Why it matters: It underscores the perennial tension between law enforcement’s threat perception and hacker culture’s speculative artifacts, a dynamic that continues to shape digital rights litigation and policy.

Context: This is a digital-rights fight archetype, specifically a foundational case study in the hacker-to-mainstream pipeline. The Steve Jackson Games raid is a canonical event in cyberlaw, demonstrating how overreach against a gaming publisher galvanized the creation of a major civil liberties institution.
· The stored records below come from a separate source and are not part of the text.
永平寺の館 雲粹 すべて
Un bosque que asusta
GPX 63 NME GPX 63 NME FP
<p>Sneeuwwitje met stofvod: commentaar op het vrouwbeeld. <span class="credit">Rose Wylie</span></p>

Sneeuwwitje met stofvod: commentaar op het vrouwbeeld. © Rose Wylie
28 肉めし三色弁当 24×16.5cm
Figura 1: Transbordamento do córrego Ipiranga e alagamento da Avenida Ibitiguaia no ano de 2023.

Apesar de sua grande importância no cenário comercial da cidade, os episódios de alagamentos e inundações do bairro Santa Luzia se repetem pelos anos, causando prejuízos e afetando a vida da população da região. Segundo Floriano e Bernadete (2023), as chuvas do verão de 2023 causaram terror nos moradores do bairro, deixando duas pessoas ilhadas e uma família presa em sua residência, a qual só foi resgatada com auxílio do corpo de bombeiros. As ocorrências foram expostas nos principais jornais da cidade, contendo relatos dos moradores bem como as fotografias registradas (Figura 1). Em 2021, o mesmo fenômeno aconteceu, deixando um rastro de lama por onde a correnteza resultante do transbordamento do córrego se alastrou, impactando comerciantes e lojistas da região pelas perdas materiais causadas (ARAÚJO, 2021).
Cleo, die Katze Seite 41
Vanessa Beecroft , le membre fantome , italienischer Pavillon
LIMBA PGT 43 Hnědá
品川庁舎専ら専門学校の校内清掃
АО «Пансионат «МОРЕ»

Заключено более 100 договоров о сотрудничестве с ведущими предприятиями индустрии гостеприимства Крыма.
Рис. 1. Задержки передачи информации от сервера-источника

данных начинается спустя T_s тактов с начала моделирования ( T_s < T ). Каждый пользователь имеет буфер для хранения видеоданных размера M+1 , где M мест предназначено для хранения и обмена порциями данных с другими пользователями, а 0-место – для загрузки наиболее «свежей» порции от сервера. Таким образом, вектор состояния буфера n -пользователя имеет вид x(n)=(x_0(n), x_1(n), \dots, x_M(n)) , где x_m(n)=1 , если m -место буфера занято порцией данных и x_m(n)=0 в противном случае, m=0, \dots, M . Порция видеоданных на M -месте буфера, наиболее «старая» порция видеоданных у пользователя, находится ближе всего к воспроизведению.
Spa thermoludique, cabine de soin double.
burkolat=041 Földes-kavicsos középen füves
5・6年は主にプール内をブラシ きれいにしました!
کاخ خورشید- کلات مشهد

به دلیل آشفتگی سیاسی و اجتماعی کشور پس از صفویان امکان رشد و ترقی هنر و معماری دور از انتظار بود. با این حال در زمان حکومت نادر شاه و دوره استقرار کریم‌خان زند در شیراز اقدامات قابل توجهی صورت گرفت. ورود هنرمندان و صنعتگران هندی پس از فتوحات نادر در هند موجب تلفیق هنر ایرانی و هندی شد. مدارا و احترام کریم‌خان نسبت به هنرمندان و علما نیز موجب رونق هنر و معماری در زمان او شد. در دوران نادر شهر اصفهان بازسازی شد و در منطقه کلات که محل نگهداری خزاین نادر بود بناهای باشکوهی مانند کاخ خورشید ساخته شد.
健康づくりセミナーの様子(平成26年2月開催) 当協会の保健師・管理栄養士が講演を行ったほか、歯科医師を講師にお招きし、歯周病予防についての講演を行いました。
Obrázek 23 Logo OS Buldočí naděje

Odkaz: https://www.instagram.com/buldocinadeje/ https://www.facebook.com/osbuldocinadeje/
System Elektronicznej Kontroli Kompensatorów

"It is easy to put yourself in the hysterical script of the movie WarGames when you lack the technical expertise to distinguish a game about hacking from reality." — OPENDEMOCRACY.NET

Commentary: The conflation of speculative fiction with operational manuals remains a potent vector for state overreach, as seen in modern debates over vulnerability research and ‘material support.’ The EFF’s origin story here is not mere history; it’s a template for how technical ignorance begets legal aggression, and how that aggression, in turn, forges durable counter-institutions. The raid’s legacy is the institutionalization of hacker-world defense.

Date: April 22, 2026 12:00 AM ET
URL: https://www.opendemocracy.net/your-cyberpunk-games-are-dangerous/
AI Sentiment Score: Negative (75%)
AI Credibility Score: 10.0/10 — High
Scores and text generated by AI analysis of the source article indicated.